There's a sense New Zealand rugby is finally getting its priorities sorted out.
A year or two ago, the NPC looked on its deathbed. There was open warfare between the smaller, cash-strapped unions and the metropolitan establishment dominated by obscure businessmen and an NZRU board seemingly preoccupied with the professionals' capacity to raise more money.
Appearances are everything. There are extreme sensitivities in rugby's heartland. Many of the smaller provinces were feeling shut out of Super rugby. They had been forced to keep their traps shut because they received payments from the competition revenues.
But as that revenue stream dried up, the smaller provincial unions became ever more suspicious of the city businessmen on franchise boards. They became highly critical, sometimes irrationally so, of the way the system is run.
They were being pitted against each other in the hunt for players who could pull them up to somewhere near competitive with the big, wealthy metropolitan unions. Professionalism was a red rag to a bull and they carried more weight in the local rugby community than the NZRU.
So what's changed? Last year, after protracted negotiation, the provinces, players' association and NZRU agreed, finally, on a realistic salary cap.
This was perhaps the most significant step forward in the last decade; a rare example of people giving and taking in the best interests of a desperate game.

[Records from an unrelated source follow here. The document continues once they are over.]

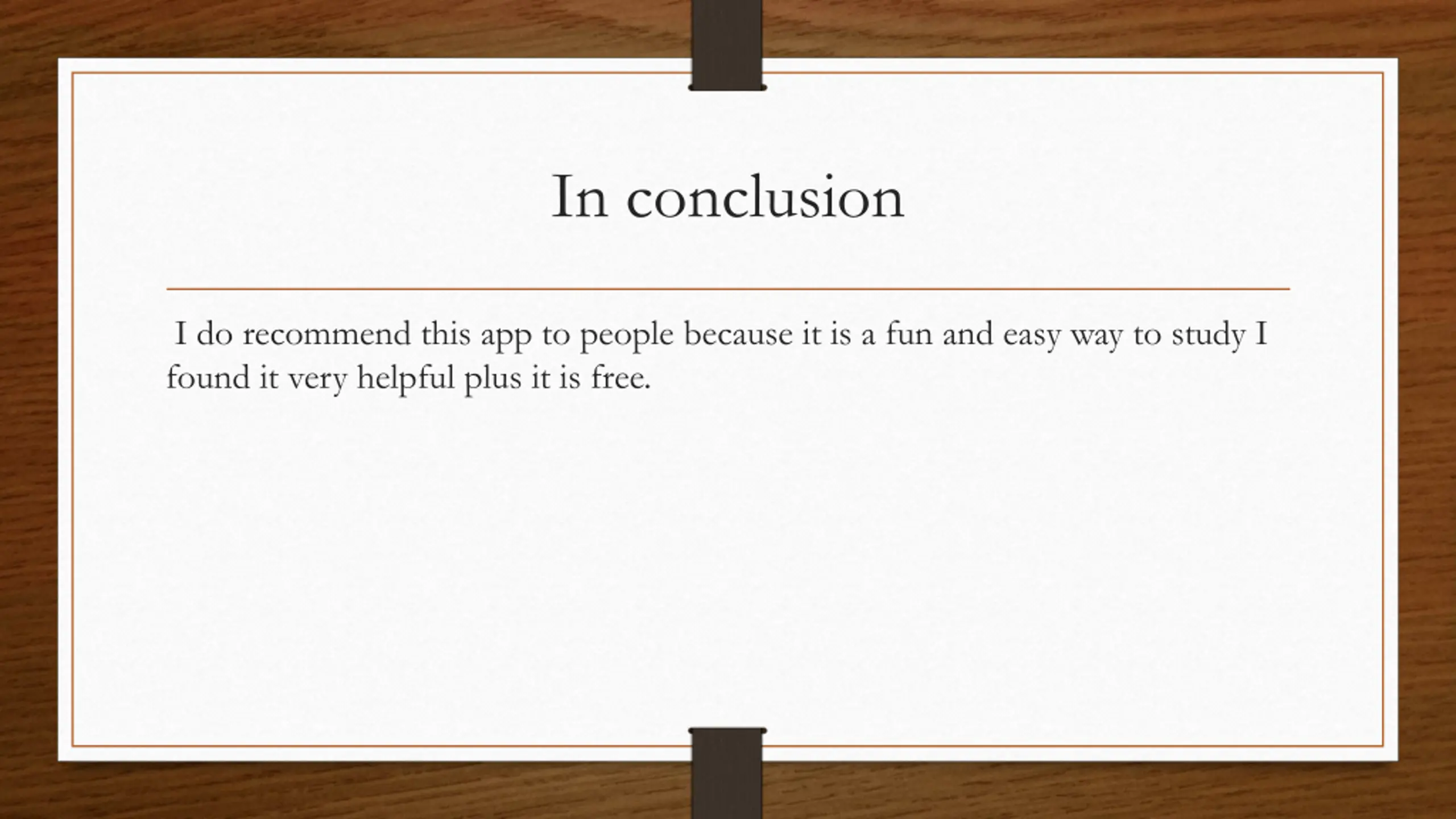 In conclusion I do recommend this app to people because it is a fun and easy way to study I found it very helpful plus it is free.
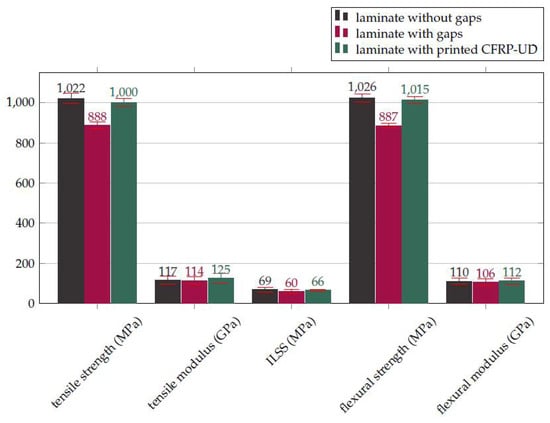 The mechanical properties of the three specimens were experimentally characterized. In all cases, as expected, laminates with gaps had poorer mechanical properties than other laminates (Figure 8).
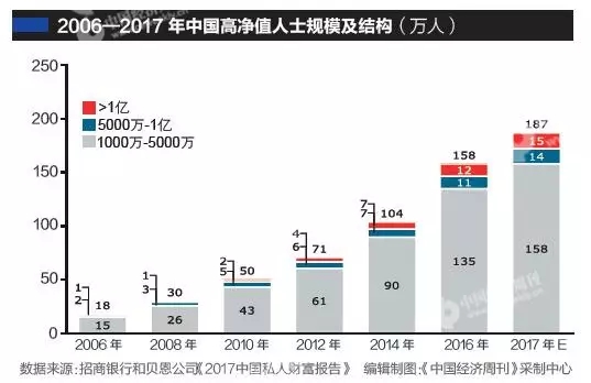 根據(jù)招行和貝恩的報告,高凈值人士的數(shù)量從2006年的18萬人增長到2016年的158萬人,相當(dāng)于過去11年間,每天有接近400張“新面孔”躋身高凈值人士行列。
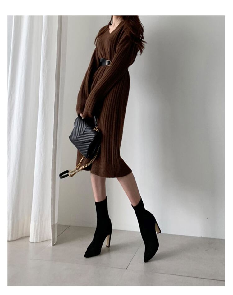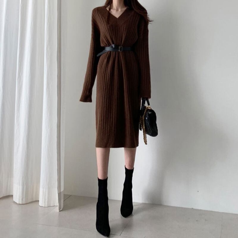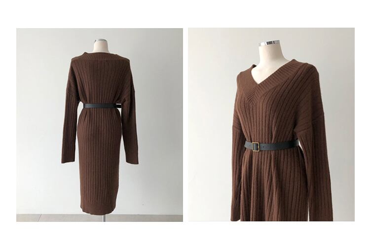 【送料無料】 2色 ワンピース ニット ひざ丈 ミモレ丈 リブ Vネック 大人かわいい きれいめ おしゃれ ミディ丈 ニットワンピ ベルト付 リブニット 無地 長袖 ウエストマーク シンプル シック 大人 ストレート タイト デート 通学 学生 通勤 OL オフィス ブラウン ベージュ 10代 20代 30代 秋 冬 トレンド 韓国 ファッション こなれ感 抜け感 モテ コーデ db1275
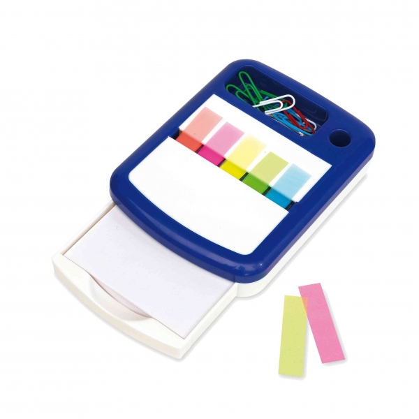 Descripción: Plástico. Incluye block de hojas blancas. Dispensador de banderitas de 5 colores diferentes. Compartimento para clips (incluidos). Porta lápiz.

It means, at least in theory, the equalisation of opportunity for all provinces and a stemming of the ruinous payments smaller provinces had to make to secure enough talent to become competitive. It should, in theory, mean a better distribution of talent and make for a more compelling NPC.
Is the salary cap working to spread the playing talent more evenly? It's probably too soon to judge but if you asked Manawatu, for instance, which lost game-breaking stars to bigger, richer unions the answer would probably be no. The same might be said of Hawke's Bay and Otago. Yet look at Counties Manukau, or Tasman, or Southland - they look genuinely competitive for the first time in decades.
There is also an unevenness in crowd numbers. In the main centres, the crowds are lamentable. When Canterbury hosted Auckland, we might have expected a full house but the crowd was pitifully small.
The same goes for Wellington, Hamilton, Auckland and Dunedin.
By contrast, crowds in the smaller centres, notably Tasman, Invercargill, Pukekohe and Whangarei, have been good, in some cases marvellous.
So what's going on? Have the big city punters had enough, what with all that Super 14 and test match stuff? Is it the case that in the heartland, they can't get enough? Is this a pattern that will become permanent?
The only thing certain is that the provincial championship is the canary in the mineshaft of domestic rugby.
It must always be the first priority of the rugby community and protected from the ravages of the market because if it fails, so too does the infrastructure in the provinces - the clubs, the volunteer force and the emotional attachment of communities to their team. And without that, what have we got?